Так это и правда ранение? На сердце полегчало. Точнее, я понял, что обозначают эти слова. Тихо накрыл веки ее рукой.
– Что, что? Больно смотреть? Скажи, скажи!
– Не скажу, – прошептал я и провел ее вздрогнувшими пальцами по лбу, по щеке. Прижал ладонь к губам. Другую руку так и держал на груди. Было спокойно и радостно. Даже изнеможение нежило. Полурасплетенная коса скатилась с плеча и защекотала мне шею. Не отпуская ее рук, все-таки приподнялся, прикусил прядь волос и медленно откинулся назад, заставляя ее наклониться. Прикоснулась лбом ко лбу, поцеловала в глаза, в висок, но тут же высвободилась. Поцелуи слишком сестринские. Что-то в ней не оттаяло. Но, может быть, она прислушивалась, потому что вдруг крикнула:
– Сюда! Скорей! Алекс ранен!
На тропинку из-за деревьев вывернули человек десять. Я оказался в круге уважительной заботы суровых ополченцев. Детское удовольствие. Но продолжалось оно недолго. Было решено нести меня на сплетенных руках, как на стуле. Вообразив это нелепое зрелище, задохнулся от обиды и отвращения. Но странно: казалось, будто эти чувства не мои, а я в них провалился и не могу выбраться. Рвался вскочить и срывающимся голосом доказывал, что прекрасно держусь на ногах. Марта придвинулась и осторожно, ладонью под затылок, положила мою взбунтовавшуюся голову себе на колени. Меня уговаривали терпеливо и даже растерянно: что поделаешь, человек не в себе.
Непонятное отвращение душило. Снова вернулась уверенность: случилось что-то мерзкое и страшное. Не меня убили, я убил … Закрыл глаза, стиснул зубы. Что это такое, что со мной? Почувствовал у губ края фляжки, но оттолкнул ее, словно пришлось бы глотнуть жирной грязи.
На запястье лег чей-то осторожный, но крепкий захват. Открыв глаза, встретил очень серьезный взгляд Юджины. Наваждение отпустило, воля вернулась. Надо мной теснился большой тревожный круг. Только теперь я стал различать лица. У славного Дона Дылды голова был перевязана, кровь густо проступала сквозь бинты. Я сел и негромко сказал, что действительно могу идти сам, – ничего серьезного, просто нервы.

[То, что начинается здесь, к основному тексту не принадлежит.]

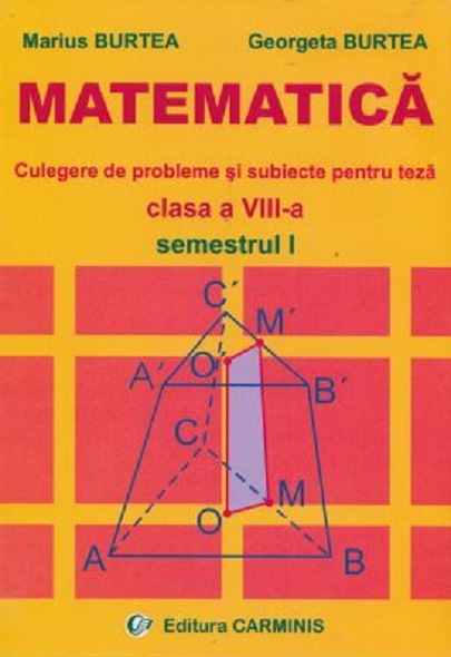Lucrarea Matematica. Culegere de probleme si subiecte pentru teza. Clasa a VIII-a. Semestrul I este gandita si elaborata in conformitate cu programa scolara, ca un instrument de lucru complementar manualelor alternative, necesar pentru exersarea si aprofundarea cunostintelor funda-mentale, dar si a celor menite sa asigure performanta in matematica.

Тут мне поверили, наконец, и позволили подняться. Кто-то подал лежавший в траве пояс. Я медленно застегивал рубашку и жилет, боясь, что руки будут дрожать и не попаду крючками в петли. Но справился. В груди закрутился веселый воздушный шарик. Ведь ничего ужасного не случилось. Наоборот! Победители и раненый герой. Ликование толкало к пылким действиям. Я хлопнул по плечу Гая и счастливца Феликса, приобнял Старого Медведя, потом Дона. Спросил, как его ранило. Но не расслышал ответа. В ушах загремел барабан. Это кровь стучит или сигнал доносится? Мое настроение всех заражало. Феликс по-мальчишески во весь рот улыбался мне навстречу. Дон стиснул мне локоть. Пролетел смех. Только Марта смотрела тяжело.